Identity, in this context, is to me the answers to the following questions: Who are we? Why are we here? What makes us unique? Identity-work, together with the prime commercial target for the strategy period, forms a solid and sustainable foundation for the development of a strategic plan. Without that link between purpose and goal, the exercise creates no value in the long run.
When I say that I work with identity, I often encounter the question of whether we just sit down and invent a company’s identity and purpose. And that’s exactly the opposite of what we do in our work – it’s about discovering, not inventing. This is the only way we can ensure authenticity and a sustainable competitive edge.
A clear approach to identity work and to identity as a foundation for further strategy work ensures the ability to stand out in a market and differentiate oneself from competitors, to attract the right talent to the company, and this should be used as the basis for making the most business-critical decisions.

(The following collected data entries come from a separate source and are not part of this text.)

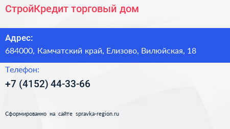 СтройКредит, торговый дом по адресу 684000, Камчатский край, Елизово, Вилюйская, 18 в дальнейшем Организация, размещена в следующих категориях: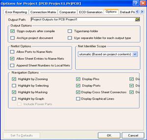 所有与项目相关的操作,如错误检查、比较文件和 ECO 启动均在 Options For Project 对话框中设置。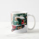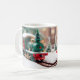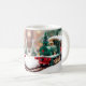 Celebrate the holiday season with this delightful mug featuring a charming toy train design. The green train with red wheels and snow-topped details is set against a backdrop of a beautifully decorated Christmas tree and twinkling lights. Perfect for enjoying your favourite hot beverage, this mug brings the magic and joy of Christmas to your daily routine.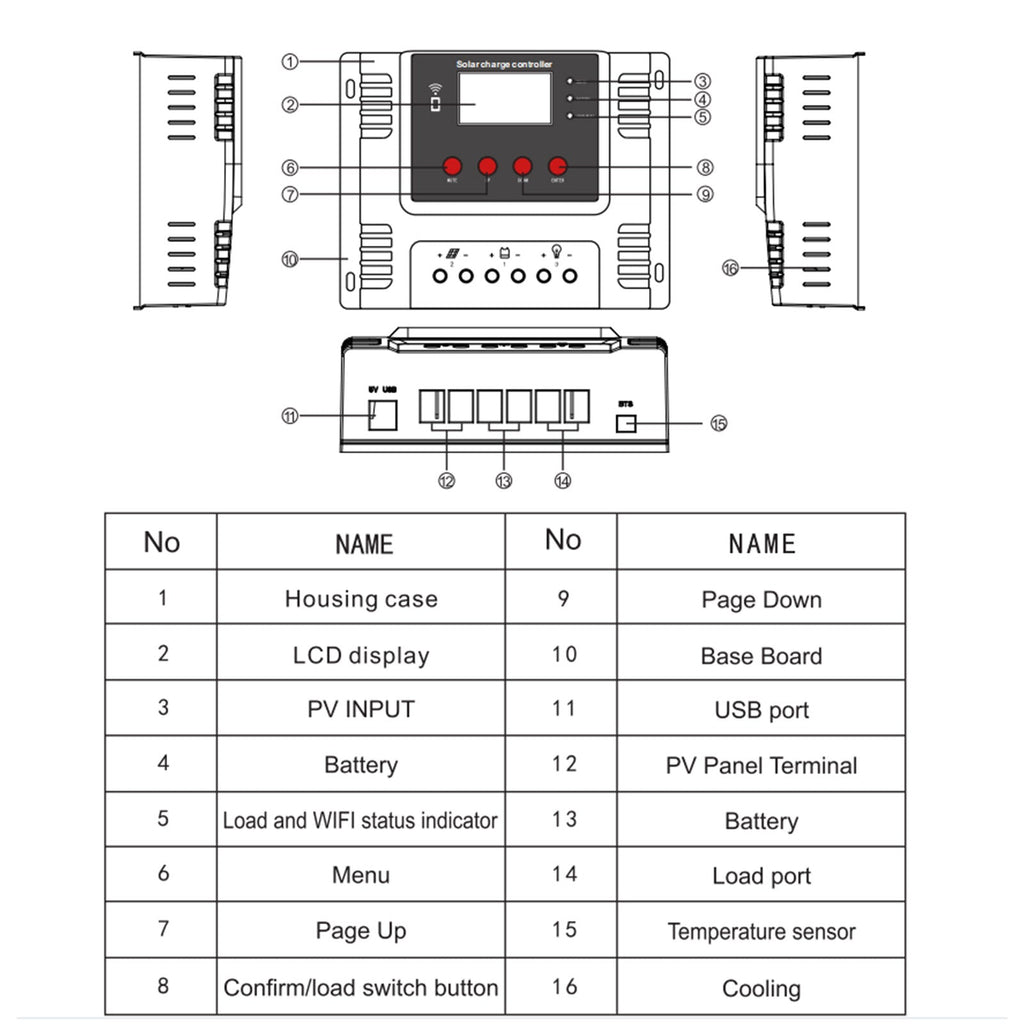 4. Wbudowane zabezpieczenie przed zamknięciem obciążenia, zabezpieczenie przed zwarciem, zabezpieczenie przed otwarciem obwodu i zabezpieczenie przed odwrotnym podłączeniem. Wszystkie funkcje odzyskują sprawność automatycznie i nie uszkadzają kontrolera.

Identity as a (Self-) Management Tool
Identity is more than just a fancy word to the marketing and communications department. Identity, for me, is a holistic concept that becomes relevant in all aspects of a company that wishes to achieve a goal. If you, as a business, organisation or brand, know your true identity, your core narrative and your values, these can be systematised and used as a compass, a compass that not only gives direction to management, but, optimally, is used throughout the company. For how otherwise do we ensure that everyone goes in the same direction? It is, therefore, essential that decisions made, whether in HR, the supply chain or customer service, are based on the same values. Be true to yourself – as we say here. It is your strongest asset.
Be true to yourself – as we say here, it is your strongest asset.

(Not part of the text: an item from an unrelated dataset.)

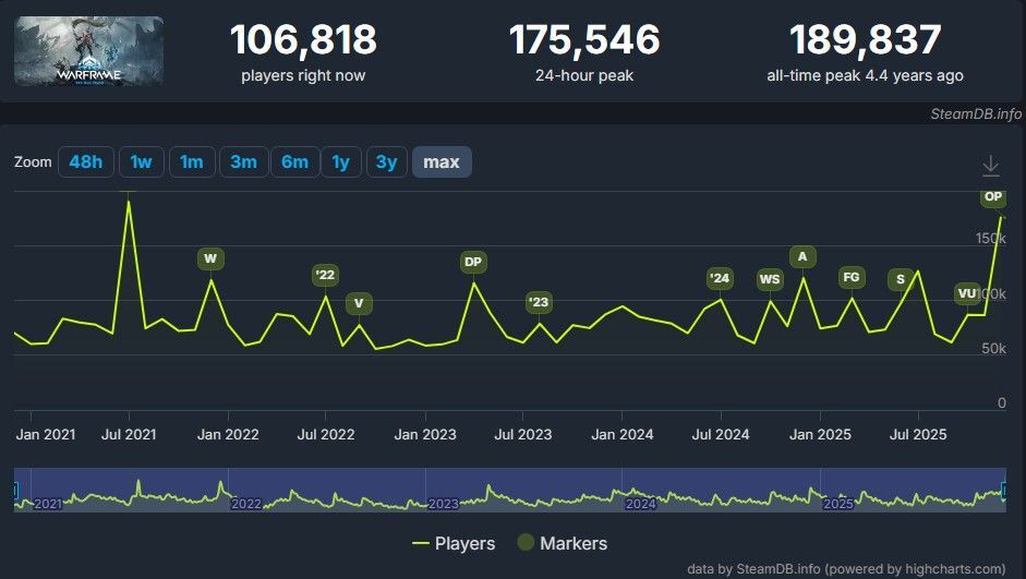 随着昨日更新上线,游戏创下了175,546的24小时峰值在线人数,这是自2021年7月以来的最高纪录。尽管新版本带来玩家峰值本是常态,但《Warframe》一般只有在提供免费奖励的TennoCon期间才会出现这样的涨幅。这次流量的大幅增加也使得许多玩家反馈服务器存在问题。

Knowing your true values makes it significantly easier to hire people who believe in the same thing as you. Likewise, it’s easier to make the right decisions in customer service cases, to choose the right suppliers, etc.

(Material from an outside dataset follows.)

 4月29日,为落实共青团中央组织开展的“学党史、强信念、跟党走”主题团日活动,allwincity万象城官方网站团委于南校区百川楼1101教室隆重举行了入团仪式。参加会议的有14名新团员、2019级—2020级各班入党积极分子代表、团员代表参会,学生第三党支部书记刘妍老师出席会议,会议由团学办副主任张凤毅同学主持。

As I previously wrote inMonday Morning, leaders today face a major challenge in finding qualified labour. And future generations in the labour market – Generations Y and Z – must be managed differently from previous ones. They make other demands, such as a higher degree of freedom, work-life balance, to be part of something bigger, and of course also to be challenged intellectually. And it places great demands on future management, and perhaps a higher degree of self-management than ever before. Here is where the compass comes in as a possible aid, to ensure direction and common values throughout the organisation.
Always start Inside-Out
In these data-driven times, many companies have become all too eager to follow even the slightest trend and jump on the bandwagon. The focus is on “What do customers want?” and so some brands and companies try to find their place in relation to just that. Just look at Proctor & Gamble, which, according to a Bloomberg article, has applied to trademark so-called “Millennial-friendly” words such as LOL and WTF. How is this approach unique? Where is the authenticity? Where is the proprietary content that will ensure return on investment? Identity work, which I think should go ahead of strategy work, should always start from the inside and move outward. Not the other way around. You also don’t go out on the street and ask people about how you ought to be, so that they will want to be your friend. Having said that, I definitely believe that it is subsequently important to keep an eye on customer and consumer preferences and on how your brand, business or organisation remains relevant in this context. What is important is that the order of factors matters.
Regardless of whether it’s about friends, brands, companies or organisations, it’s ultimately about relationships. Relationships with customers, colleagues, employees, suppliers, etc., as all of them are human beings. Therefore, identity must also be on the agenda at the CEO level, as it is a tool that should permeate all decisions. So “be true” – thus ensuring a unique starting point for your strategy and giving you the opportunity to add direction that makes sense to the entire organisation.